Service Mode

Service mode keeps persistent worker loops alive so you can reuse the same execution context across multiple requests.

It is useful after a project already runs correctly in the normal local or distributed path. It is not part of the first-proof workflow.

Architecturally, service mode is queue-backed persistent worker execution, not a live RPC/session bus. AGILAB keeps worker loops alive, writes tasks into the service queue, tracks heartbeats and status files, and lets workers pull their next unit of work from that queue.

That choice keeps service mode aligned with the normal worker contract, but it also means operators should think in queue semantics rather than interactive request/response semantics.

Service queue security contract

Service task files use non-executable JSON payloads with schema agi.service.task.v1 and the *.task.json suffix. Workers reject legacy *.task.pkl files by moving them to failed without deserializing them.

The queue is still trusted scheduler-owned state, not a multi-tenant input surface. Keep the queue directory writable only by the scheduler/operator that submits work, and run workers without unnecessary secrets or filesystem access when apps or generated code are not fully trusted.

When to use it

Use service mode when you need one or more of the following:

  • repeated requests on the same app with low latency;

  • controlled worker lifecycle (start/status/health/stop);

  • machine-readable health output for monitoring.

Fast path in ORCHESTRATE (web interface)

  1. Open ORCHESTRATE and select your project.

  2. In System settings, configure cluster mode, scheduler, and workers.

  3. In Service mode (persistent workers), click START service once.

  4. Use STATUS service to inspect running/pending workers.

  5. Use HEALTH gate to enforce SLA thresholds from app_settings.toml.

  6. Use EXPORT snapshot to write the current operator summary, health rows, and gate thresholds to a JSON file under ~/log/execute/<app_target>/.

  7. Use STOP service before changing topology or ending the session.

Action semantics

  • action="start": provisions workers and starts persistent loops.

  • action="status": returns runtime state (running/degraded/idle/stopped/error).

  • action="health": same status snapshot plus JSON export (schema agi.service.health.v1).
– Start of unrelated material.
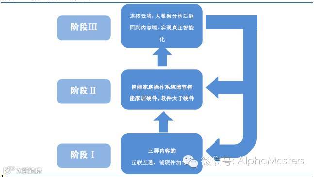 第三个层级:连接云端,大数据分析后返回到第一个层级的内容端,实现智能操作系统后,通过云端完成智能家庭生活的闭环。在家庭互联网端,以家庭为单位提供云服务,通过PC端、手机端和电视端提供内容服务,同时搜集家庭及个人用户的大数据,通过PC端、手机端和电视端提供内容服务(精准数字营销、游戏、网络购物等)变现,实现第三个层级与第一个层级的打通,从而构成了闭环。

  • action="stop": requests loop termination and optionally shuts down the Dask cluster.

The ORCHESTRATE panel also provides a UI-only export action for operators:

  • EXPORT snapshot writes service_operator_snapshot.json under ~/log/execute/<app_target>/ with the current status, cached worker health, and effective SLA thresholds.

What service mode is, and what it is not

Service mode is:

  • persistent worker loops reused across requests

  • queue-backed execution with heartbeats and status snapshots

  • a good fit for repeated requests on the same already-installed app

Service mode is not:

  • a generic live RPC fabric

  • a per-request interactive remote session

  • a replacement for making work visible in the normal AGILAB work plan when you need first-class scheduling or telemetry

End-to-end CLI example

import asyncio
from agi_cluster.agi_distributor import AGI
from agi_env import AgiEnv

APPS_PATH = "src/agilab/apps/builtin"
APP = "mycode_project"

async def main():
    env = AgiEnv(apps_path=APPS_PATH, app=APP, verbose=1)

    started = await AGI.serve(env, action="start")
    print("START:", started["status"])

    status = await AGI.serve(env, action="status")
    print("STATUS:", status["status"], status.get("workers_running_count", 0))

    health = await AGI.serve(env, action="health")
    print("HEALTH:", health["status"], health.get("workers_unhealthy_count", 0))

    stopped = await AGI.serve(env, action="stop", shutdown_on_stop=False)
    print("STOP:", stopped["status"])

if __name__ == "__main__":
    asyncio.run(main())

SLA thresholds

Per-app defaults are stored in [cluster.service_health]:

[cluster.service_health]
allow_idle = false
max_unhealthy = 0
max_restart_rate = 0.25

These values are used by the ORCHESTRATE HEALTH gate and by tools/service_health_check.py unless overridden on the command line.

Operational checks

Use this checker for automation/monitoring:

uv run python tools/service_health_check.py \
  --app mycode_project \
  --apps-path src/agilab/apps/builtin

Health JSON is written by default to:

  • ${AGI_CLUSTER_SHARE}/service/<app_target>/health.json

Operator snapshot JSON written from the ORCHESTRATE page is stored at:

  • ~/log/execute/<app_target>/service_operator_snapshot.json

Common pitfalls

  • Calling start twice without stop first: stop the existing service before restarting.

  • Health status is idle but policy requires activity: set allow_idle = false and enforce with HEALTH gate.

  • Missing health file in external monitor: call action="health" and verify permissions on the target output path.